Monday, May. 03, 1971
TWENTY years ago, TIME began using color photographs regularly, -and our color staff has been actively celebrating the birthday. Last week's issue carried color pictures from China, the first in any U.S. magazine after Peking admitted the American table tennis team. This week we have nine color pages--on China, in the Art section and with the cover story on the Broadway hit Follies..
Because a color spread must go to press earlier than the magazine's general deadline, agility is necessary when the pictures concern late-breaking events. More often, planning is done weeks in advance. Edwin Bolwell, color-projects editor, selects a promising subject. Bolwell and Reporter-Researcher Mary Themo prepare guidelines for the photographer. Picture Editor John Durniak, who is responsible for all of TIME'S photo coverage, then chooses one or more cameramen particularly suited for the job.
Capturing Follies on film was one of Bolwell's and Durniak's more pleasurable challenges. Shooting during a regular performance might have disrupted it. Therefore a "photo call" was arranged--a performance of the play's highlights to the accompaniment of a single piano. Watching from the lip of the Winter Garden's stage, Bolwell said: "I'm amazed by the ability of the performers to provide us with an instant replay whenever we ask for it. They can stop in the middle of a torch song or freeze a high kick without sacrificing one ounce of showmanship."

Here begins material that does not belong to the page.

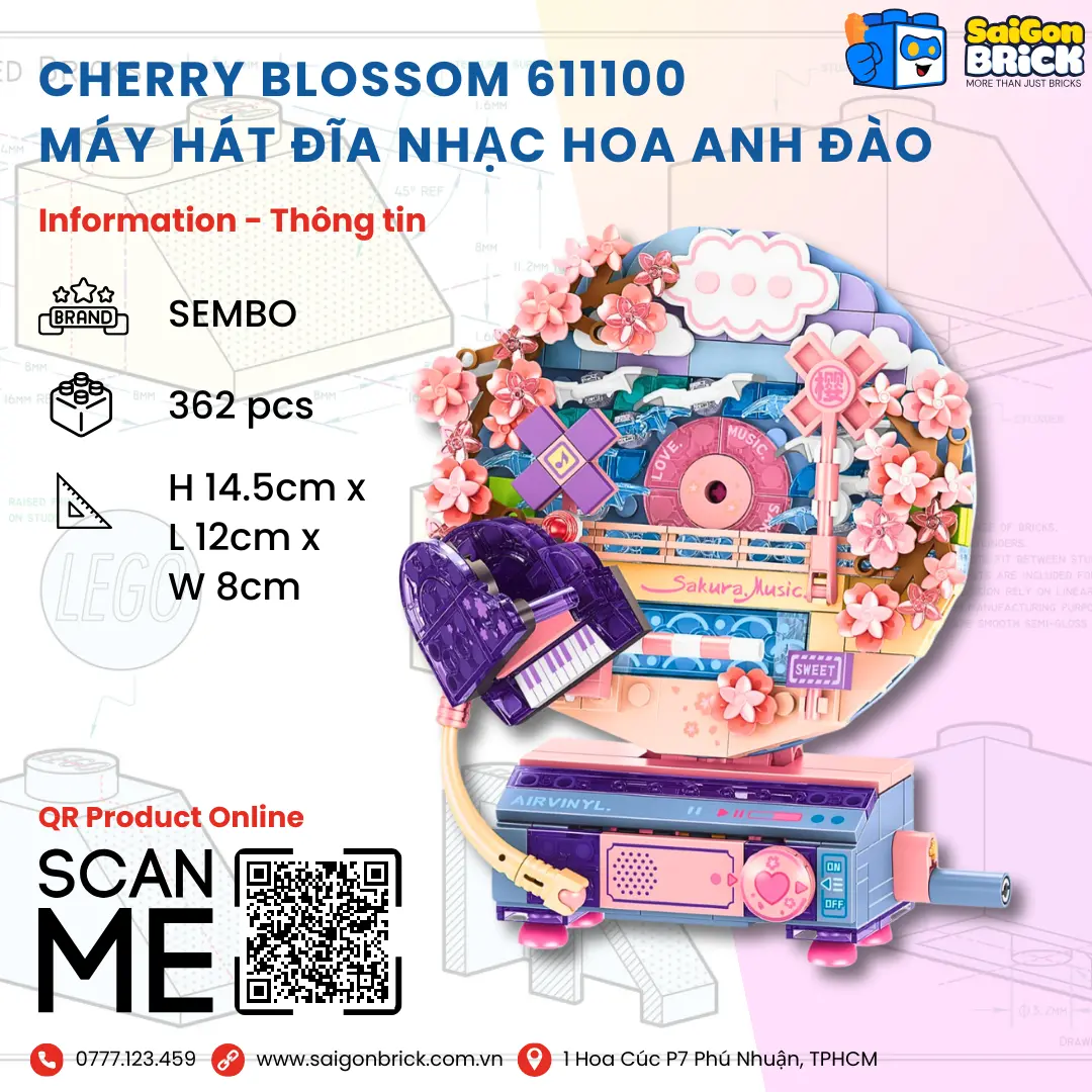 Hãy là người đầu tiên đánh giá NON LEGO Sembo 611100 – Cherry Blossom (362pcs) – Máy Hát Đĩa Nhạc Hoa Anh Đào – chính hãng giá tốt TPHCM

Taking the right pictures is not the end of the process. The masses of incoming photographs are usually weeded through by Color Director Arnold Drapkin and Picture Researcher Carol Saner. In the case of this week's China spread, they culled 2,160 transparencies, selected about 50 from which TIME'S art directors then chose nine for their final layout. Once a layout is approved, Drapkin or his associate Erwin Edelman takes it from New York to our Chicago printing plant--a mission that is necessary to ensure the accuracy of the engravings.
While the Follies.v color spread was being prepared, a team headed by John Elson was at work on the cover story. It was written by Stefan Kanfer, our movie critic, making one of his frequent forays into Broadway territory, and with good reason: he is a sometime playwright. Five years ago, Alexis Smith starred in a pre-Broadway tryout of Kanfer's comedy, The Coffee Lover.